Desde cedo, a originalidade da
produção intelectual de Ginzburg
deixou a comunidade acadêmica
um tanto atônita. "Um intelectual
para se ficar de olho!", como alertou um resenhista americano no
início dos anos 70. De fato, seu
primeiro livro, publicado quando
tinha 27 anos, foi um trabalho polêmico e inovador.
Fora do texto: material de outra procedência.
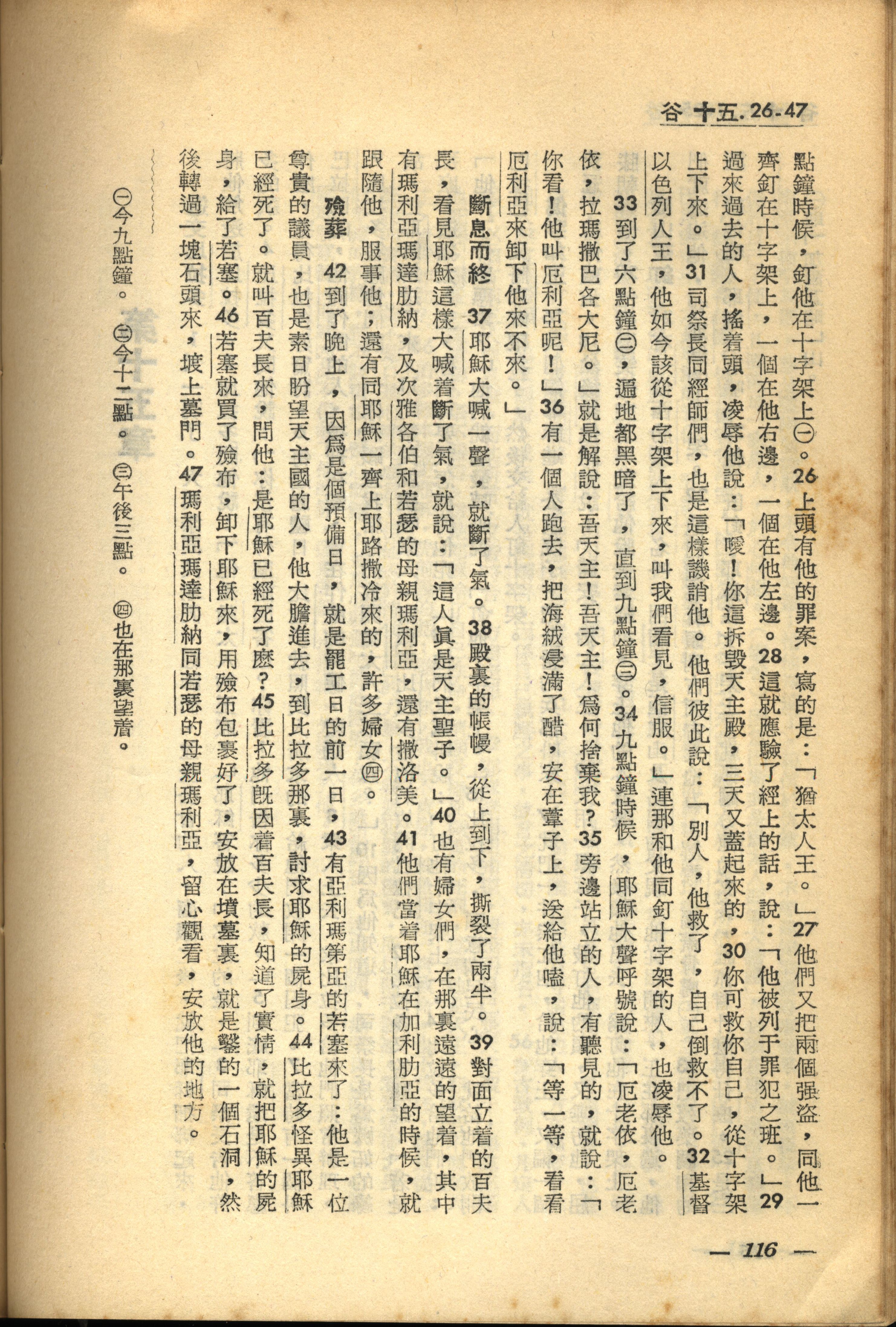 1956年新經全集 馬可福音 15 章 26 節到 15 章 47 節

O ponto de partida desse estudo
foi a desconcertante resposta dada
ao tribunal da Inquisição por um
grupo de camponeses italianos
acusados de feitiçaria: qualificando-se de "benandanti" ("Andarilhos do Bem", 1966, Companhia
das Letras), eles se diziam benfeitores que combatiam as bruxas
durante a noite armados de talos
de erva doce, enquanto estas empunhavam espigas de milho. Essa
resposta inesperada, que contradizia as expectativas dos inquisidores, foi a base de um trabalho
que deu uma notável contribuição
aos estudos sobre a feitiçaria.
No entanto, foi "O Queijo e os
Vermes" (1976, Companhia das
Letras), o estudo da cosmologia de
um moleiro do século 16 (também
interrogado pela Inquisição sob a
acusação de heresia), que tornou
Ginzburg internacionalmente famoso. Desde então, a despeito de
seu horror por etiquetas, ele ficou
conhecido como um dos líderes da
chamada "micro-história", termo que se tornou moda após ter
sido usado como título de uma série de livros editados por Ginzburg
e Giovanni Levi.
Seus outros livros -como o que
estuda a história da idéia do sabá
das bruxas ao longo de 2.000 anos
no mundo euro-asiático ("História Noturna", 1989, Companhia
das Letras) e o que reflete sobre
um capítulo trágico da história recente da Justiça italiana e sobre as
relações entre o papel do juiz e o
do historiador ("Il Giudice e lo
Storico", 1991)- são reveladores
da diversidade de temas e abordagens com que Ginzburg trabalha e
que o tornam um historiador difícil de classificar, coisa que, aliás,
muito o agrada.
Além de livros, Ginzburg tem
publicado grande parte do seu trabalho sob a forma de ensaios. O
mais famoso deles, traduzido em
12 línguas, tem o intrigante título
de "Spie" (Pistas) e fornece, ele
próprio, uma pista para o entendimento de toda a obra de Ginzburg.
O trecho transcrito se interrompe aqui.